The gallery is open Thursday & Friday 12 - 3 and Saturday 12 - 4, as well as by appointment. gallery@yarddog.com or 512-912-1613.
December 05, 2014
Our great friend & Yard Dog artist Ian McLagan passed away on December 3, 2014.
Mac suffered terribly from migraines but decided to make the best of it by trying to capture in paintings the hallucinations that accompanied the migraines. That was typical of Mac: he was cheery and hard working even in the worst of circumstances.
As a member of the Small Faces, then the Faces, he was in the vanguard of rock n roll, and he played with everyone from the Stones to Springsteen. And he fronted his own band, Ian McLagan and the Bump Band, for 30+ years - first in LA and then here in Austin.

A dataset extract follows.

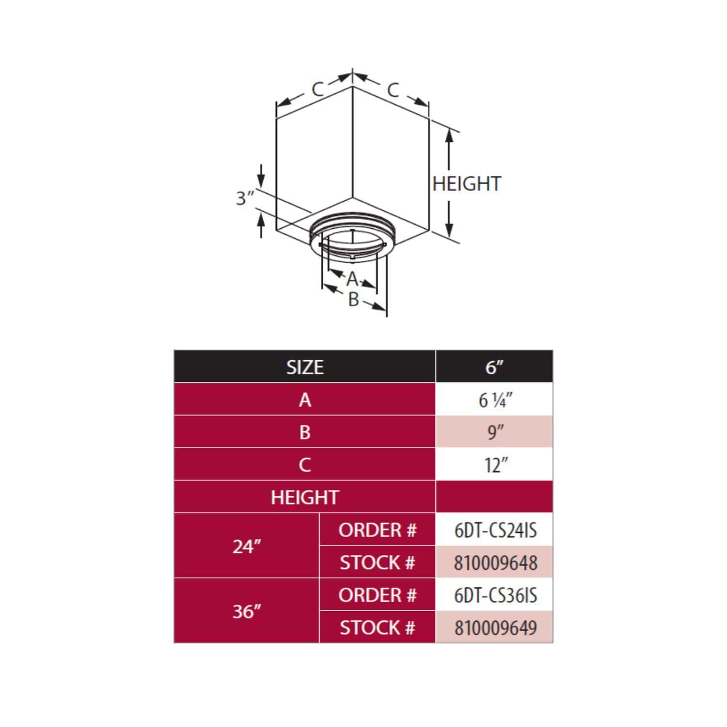 DuraVent DuraTech 6 Inch Diameter 24 Inch Square Ceiling Support Box with Attic Insulation Shield - 6DT-CS24IS
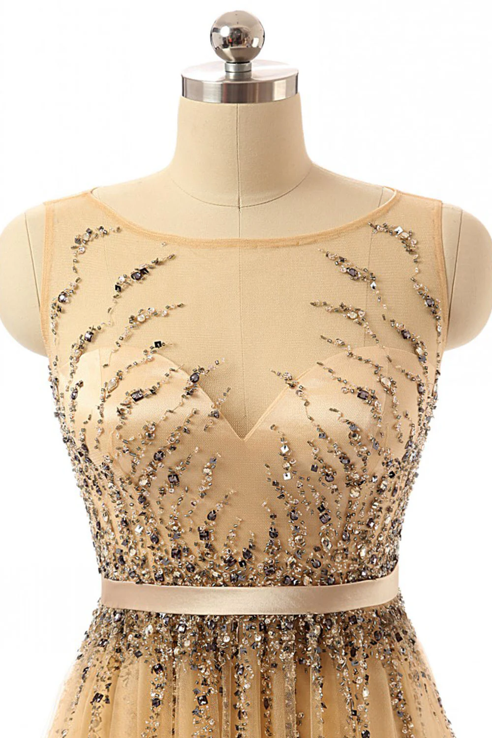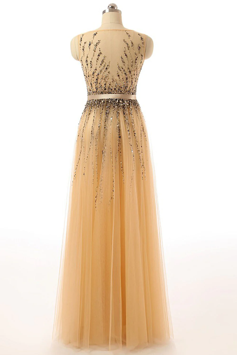 • Beaded Gold Long Cap Sleeves Modest Prom Dresses ED0855

If you want to know more, start by reading his obituary in the New York Times or The Guardian. Read his memoir, All The Rage. Check out some of his art here on our website. And surely you have some of his music in your collection, so go listen to it now.
October 31, 2014
"Revenge Of The Mekons," Joe Angio's documentary on Jon Langford & Rico Bell's band, the Mekons, gets reviewed in the Times. Sounds like a great flick. Maybe it'll show in Austin some day.
September 17, 2014
Jon Langford's 2014 show is titled "Boneheads" because it includes some large paintings with images of skulls in them. Boneheads. Get it?
Opening reception for Jon
Friday, October 17
7 - 9
The show will hang from October 17 through November 16
Jon will be here and will make a little music.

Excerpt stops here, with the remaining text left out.